The Department of Defense plans to brief lawmakers in the coming days on how it intends to implement a congressional mandate to split the undersecretary for Acquisition, Technology and Logistics (AT&L) into two separate positions, a senior Pentagon official said May 3.
“We just briefed [Defense] Secretary [Jim] Mattis on our initial plan to make the split,” Deputy Defense Secretary Bob Work told the Senate Appropriations Committee’s defense panel. “He has given us permission now to come forward. We will start to interact with Congress in both chambers and will tell them what we’re thinking.”

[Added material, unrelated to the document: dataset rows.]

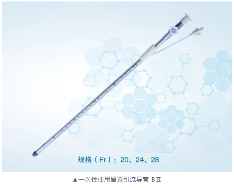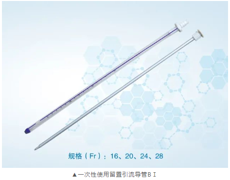 (1) 一次性无菌留置引流管是采用第二代聚脲胺酯材质, 具有良好的组织相容性, 在体外时较硬, 便于置入, 在体内变软, 减少对组织器官的刺激。
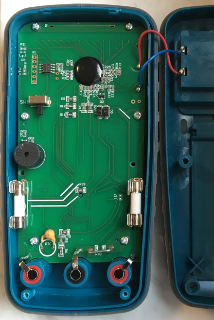 Das Gehäuse lässt sich per vier Schrauben einfach öffnen, z. B. wenn man bei Strommessungen einmal nicht aufgepasst hat und eine der Feinsicherungen durchgebrannt ist.
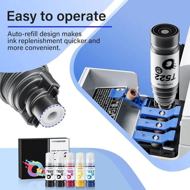 Easy to operate: 522 ink refill bottles adopt auto-stop design, no overflow, easy to refill, easily refill your Ecotank printer, the operation is the same as OEM ink.
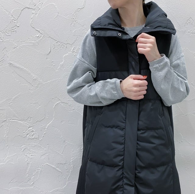 スッキリ見えする異素材コンビのコートで見た目以上に軽くて柔らかいです。
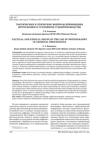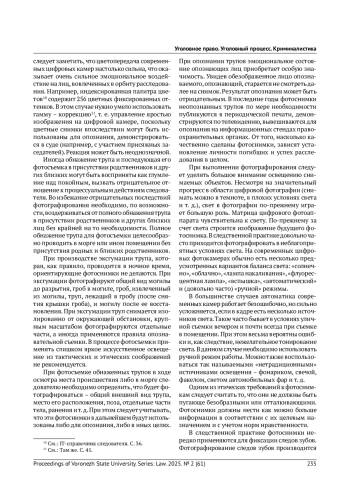 5. Романов В. И. Современные представления о сущности и основных направлениях деятельности криминалистической (судебной) фотографии // Криминалистическое обеспечение расследования преступлений: проблемы, перспективы и инновации: материалы Междунар. науч.-практ. конф. Минск: Издат. центр БГУ, 2017. С. 32-34. EDN: URVEJT
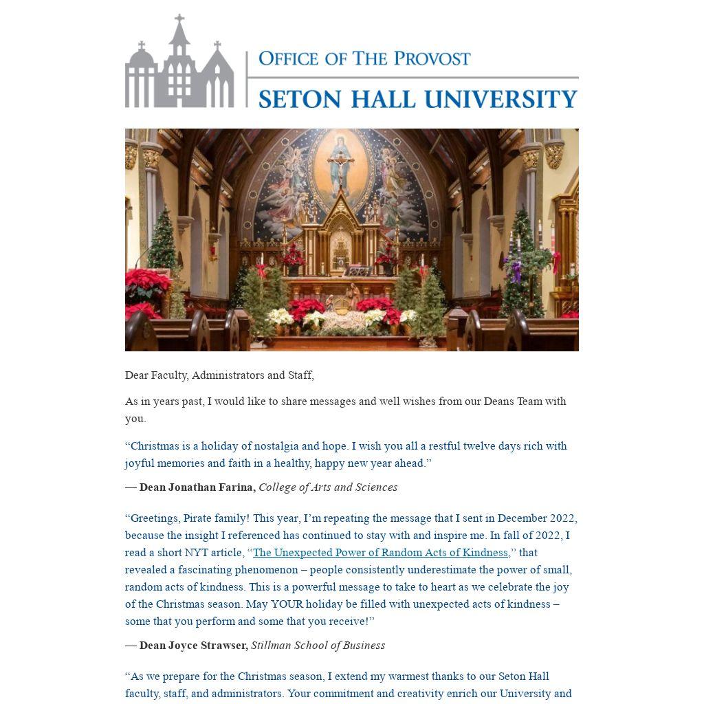“To my Pirate family - This time of year invites us to pause, reflect and appreciate the many ways we support one another—through teaching, learning, research, service and daily acts of kindness. I am so grateful to be a part of the Seton Hall community. May this holiday season bring you rest, joy, and connection with friends and family. Wishing you all peace, good health, and a blessed holiday season.”
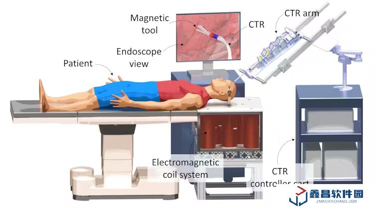 在手術(shù)過(guò)程中,患者頭部將置于嵌入線(xiàn)圈的手術(shù)臺(tái)上,微型工具通過(guò)一個(gè)小切口插入腦部。通過(guò)調(diào)節(jié)線(xiàn)圈中的電流,醫(yī)生可以精準(zhǔn)地操控磁場(chǎng),使工具實(shí)現(xiàn)抓取、拉動(dòng)或切割組織的動(dòng)作。
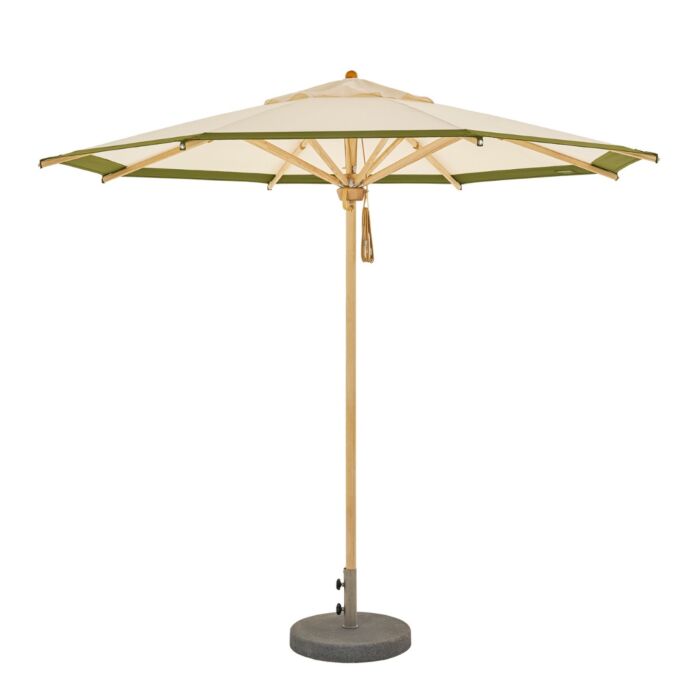 ohne Volant (moderne Ausführung): ![]() mit Volant (klassische Ausführung) Der Volant ist ein am Schirmende angebrachter Besatz, er ist vorranigig von optischer Bedeutung. Er bietet bei tiefstehender Sonne zusätzlich etwas mehr Schutz/Schatten. (I.d.R. ist der Volant zwischen 18-30cm hoch / je nach Modell) |
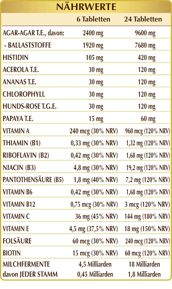 Agar ist ein löslicher Ballaststoff, der weder verdaut, noch vom Darm absorbiert wird; er normalisiert die Stuhlmenge und -konsistenz, indem er die regelmäßige Darmpassage fördert. Probiotische Milchfermente können nützlich sein, um die natürliche Darmbakterienflora wieder auszugleichen. Mit Zugabe von Chlorophyll, Vitaminen und anderen Nährstoffen. Insbesondere Vitamin B6, B12 und C helfen, Müdigkeit und Erschöpfung zu reduzieren und unterstützen, zusammen mit Vitamin A und Folsäure, die Funktion des Immunsystems.
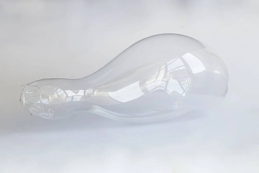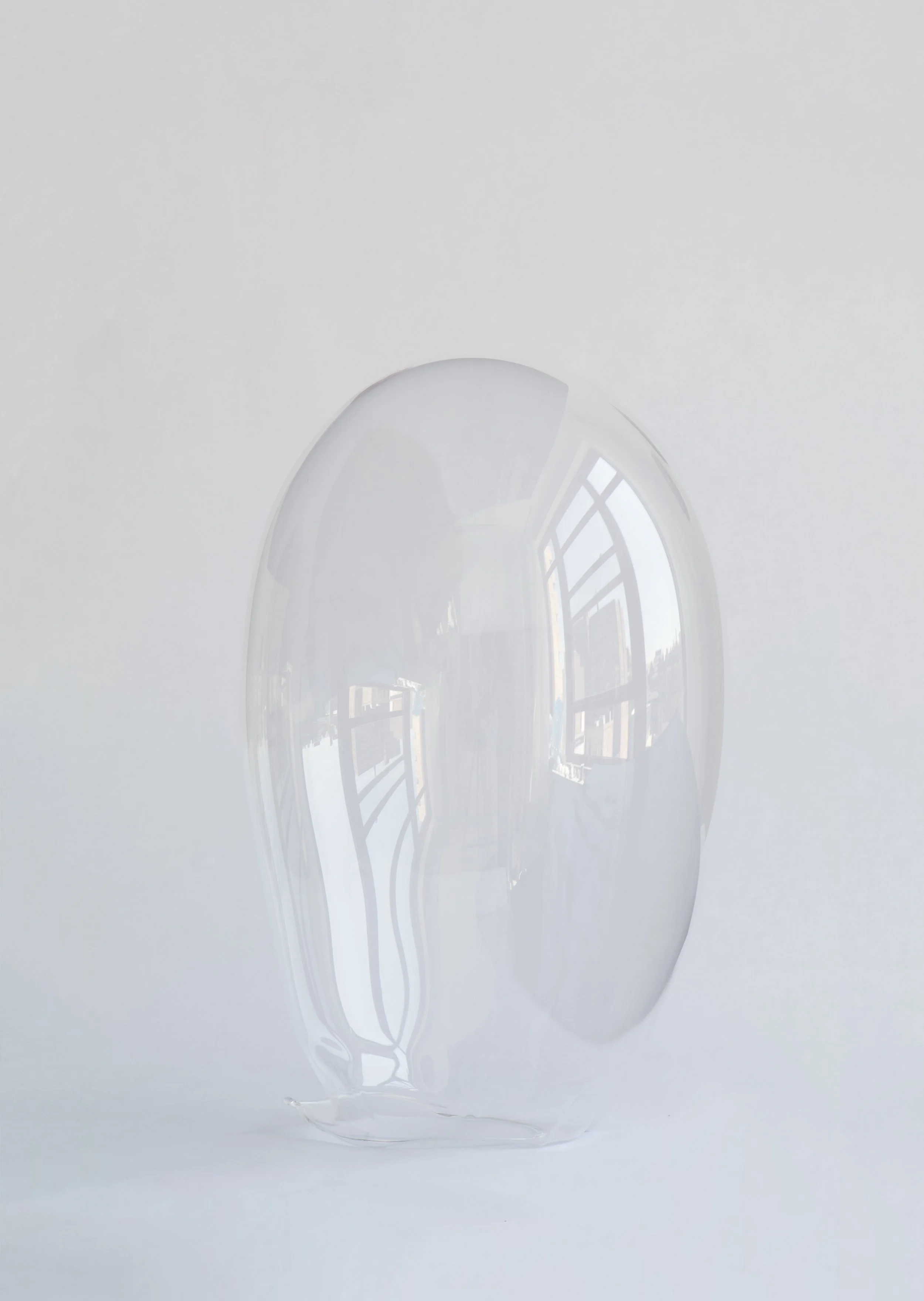 This series of pieces explore visualizing the lungs volume during a forced breath. In a forced breath, the amount of air generally will not exceed 6,000 mL, and will always be less than the total lung volume. Under special circumstances the volume of the air may be as great as 8,000 mL, possibly more. In order to capture meaningful visualizations of this volume, specific perameters were followed in regard to glass temperature—each piece utilizing only furnace heat and being prepared and blown following strict time guidelines. Special attention was also paid to volume of glass—each piece is composed of a single gather on identically sized pipes.
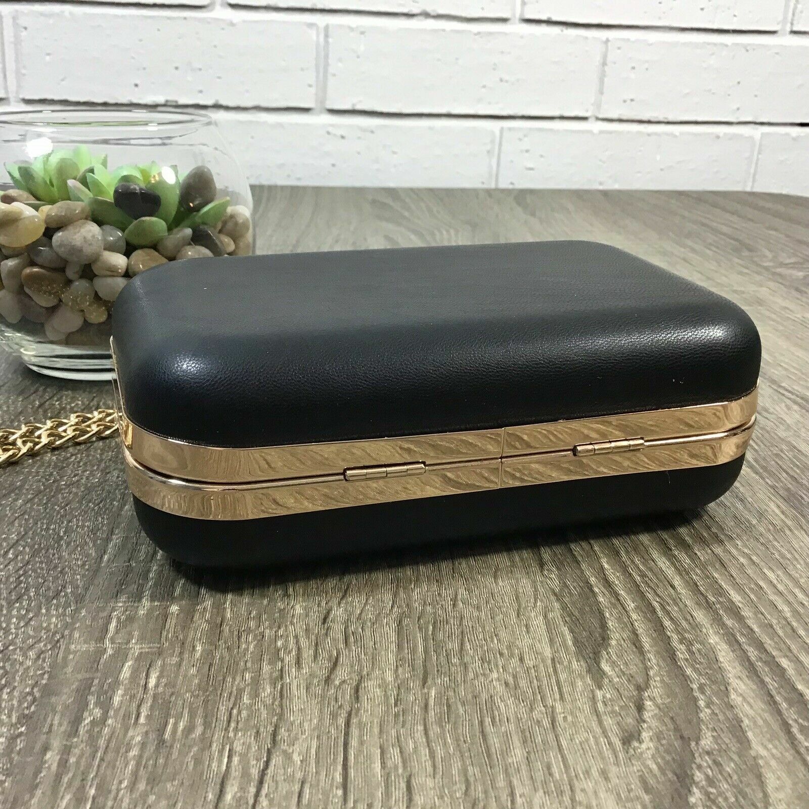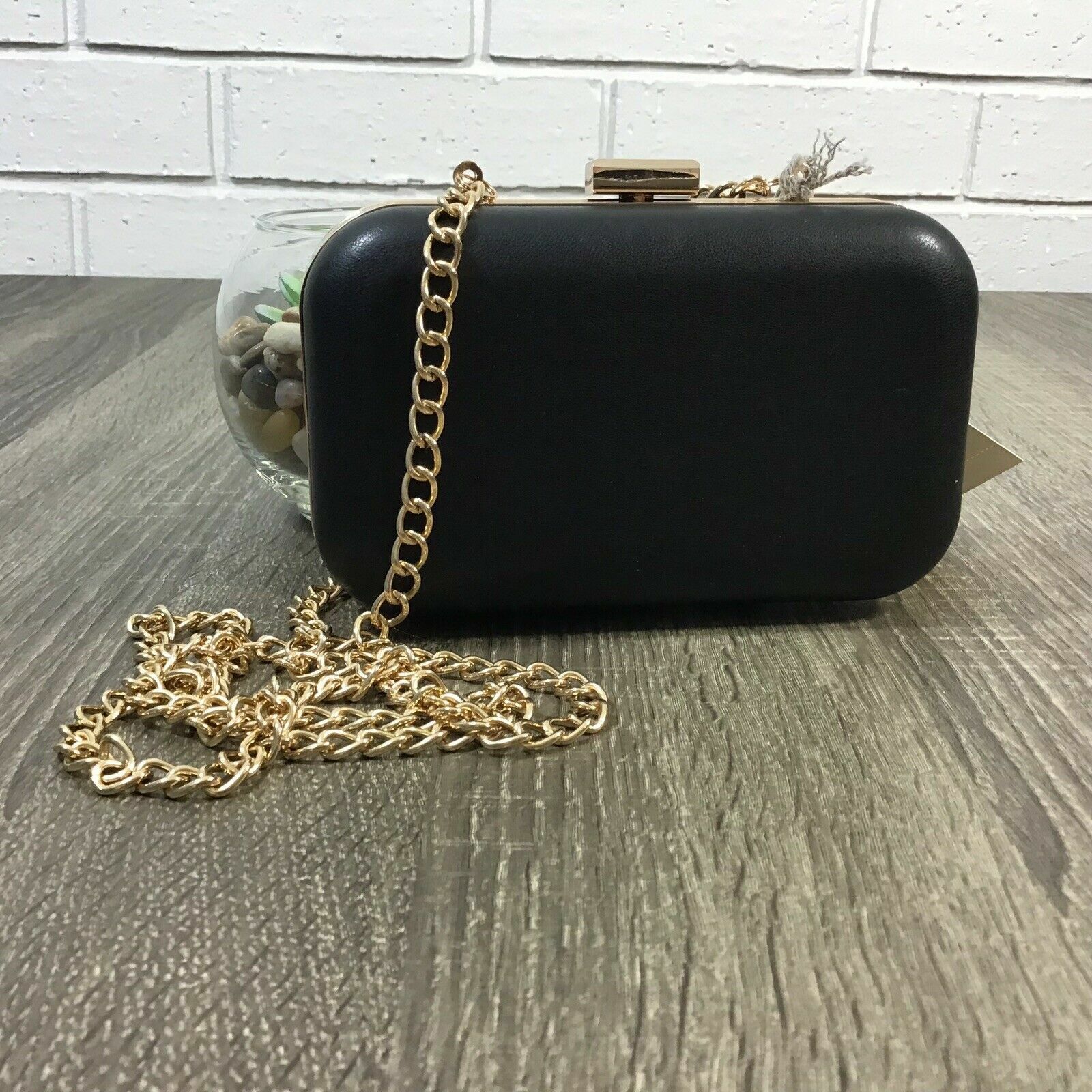 A New Day Funda Rígida Clutch Bolso Negro Oro Detalle Desmontable Cruzado Cadena
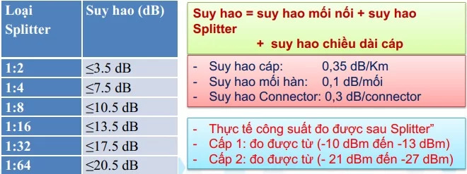 - Suy hao toàn tuyến: yêu cầu <28dBm (khuyến cáo nên <25dBm, 3dBm dự phòng công suất suy giảm theo thời gian.
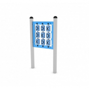 Pannello per attività sensoriale e di relazione, accessibile a tutte le fasce d’età ed anche a bambini con disabilità motorie. Realizzato con 2 montanti in acciaio sezione 80 x 80 mm zincati e verniciati 3 barre in acciaio inox alle quali sono ancorati, per mezzo di barre filettate, 9 cilindri in polietilene a stampaggio rotazionale con simboli X e 0 serigrafati
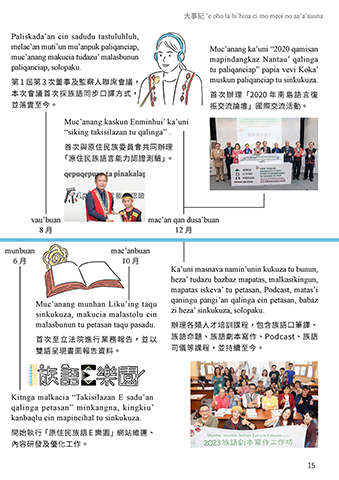 malasbunun tu petasan taqu pasadu. 辦理各類人才培訓課程,包含族語口筆譯、
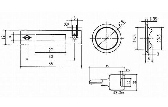引き出し用の面付シリンダー錠です。
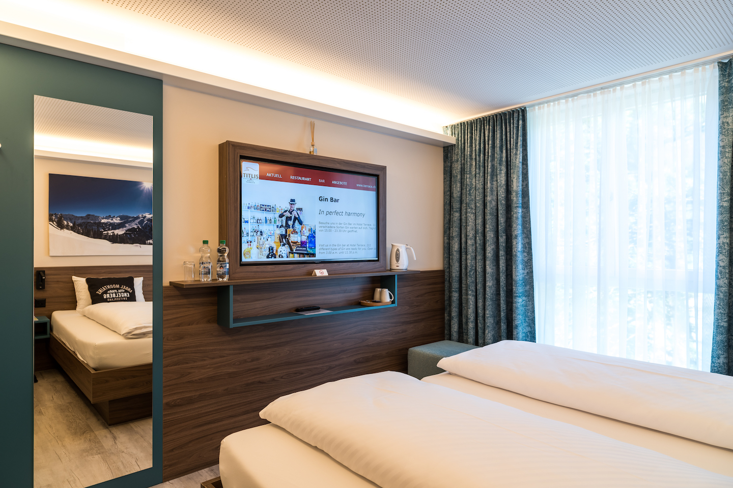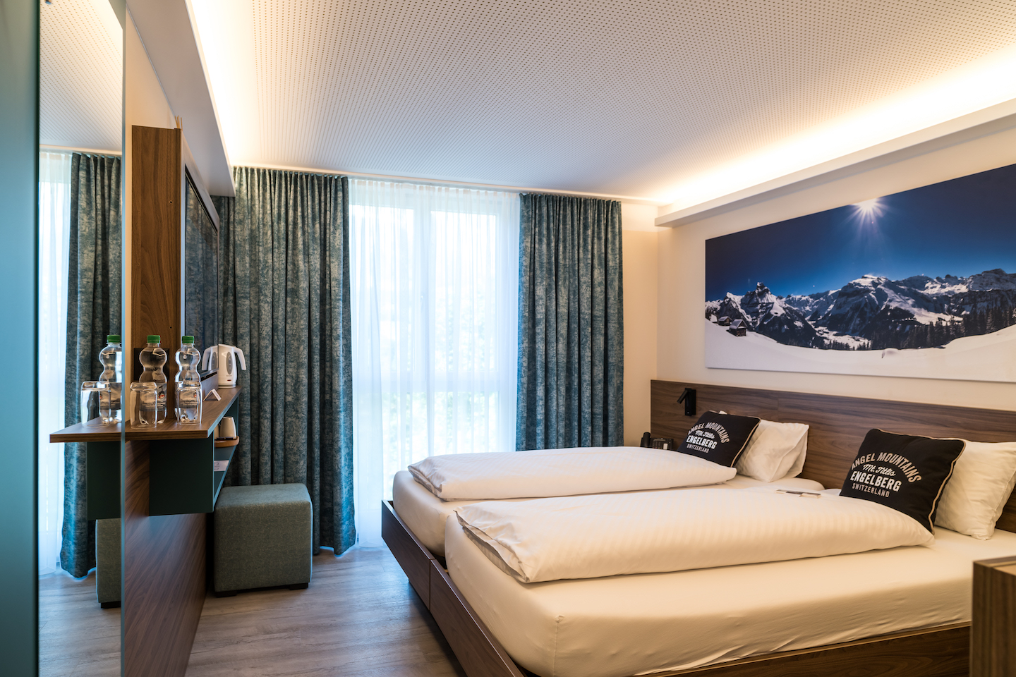 Mit viel Charme und Wohlfühlcharakter – so präsentiert sich unser im Jugendstil erbauter Sportclub Terrace. Das Haus liegt erhöht am Sonnenhang von Engelberg, aber: es braucht niemand den Hang hinauf laufen, denn ein Fahrstuhl, der direkt hinter dem Kurpark zu finden ist, bringt Euch geradewegs in das Hotel! Um ins Skigebiet zu gelangen, fahrt Ihr mit dem Fahrstuhl wieder ins Dorf hinunter, geht über den Kurplatz und könnt von dort aus mit dem kostenlosen Skibus zur Talstation fahren (ca. 5 min.)

The fiscal year 2017 defense authorization act, which President Obama signed into law in December, directs DoD to replace the undersecretary for AT&L with an undersecretary for Research and Engineering and an undersecretary for Acquisition and Sustainment. The split is designed to increase DoD’s focus on innovation at a time when potential adversaries are quickly advancing their capabilities.
The research and engineering person will be DoD’s chief technology officer. That individual will “look across the entire portfolio and make sure that we have a coherent [science and technology] program and really focus a lot on rapid prototyping,” Work testified. “We’re going to start engaging with the Congress here within the next 10 days and saying how we intend to do this.”
Work said DoD expects to complete the split before the Feb. 1, 2018, deadline. “We’re excited about it,” he told the committee.
Also at the hearing, Work indicated that DoD is on track to complete a new national defense strategy review this fall. Responding to Sen. Lisa Murkowski (R-Alaska), who expressed concern about “defense gaps” in the Arctic, Work said the overall defense strategy will “inform” the department’s approach to the increasingly busy region.
Another witness, Steven Walker, acting director of the Defense Advanced Research Projects Agency (DARPA), noted that a DARPA program is developing sensors to monitor the Arctic above and below the ice. While that program is slated to end this year, the agency is looking at potential next steps, Walker testified.
On another topic, Work said DoD stood up an “algorithmic warfare cross-functional team” last month to look at how advances in automation can help the department more efficiently analyze the vast amounts of imagery it gathers from sensors.
Analysts today are “faced with the labor-intensive task of sifting through the sheer volume of data collected,” Work said. Providing those “analysts with advanced machine-learning tools will improve our ability to observe, orient and, when necessary, decide and act better and faster than our adversaries.”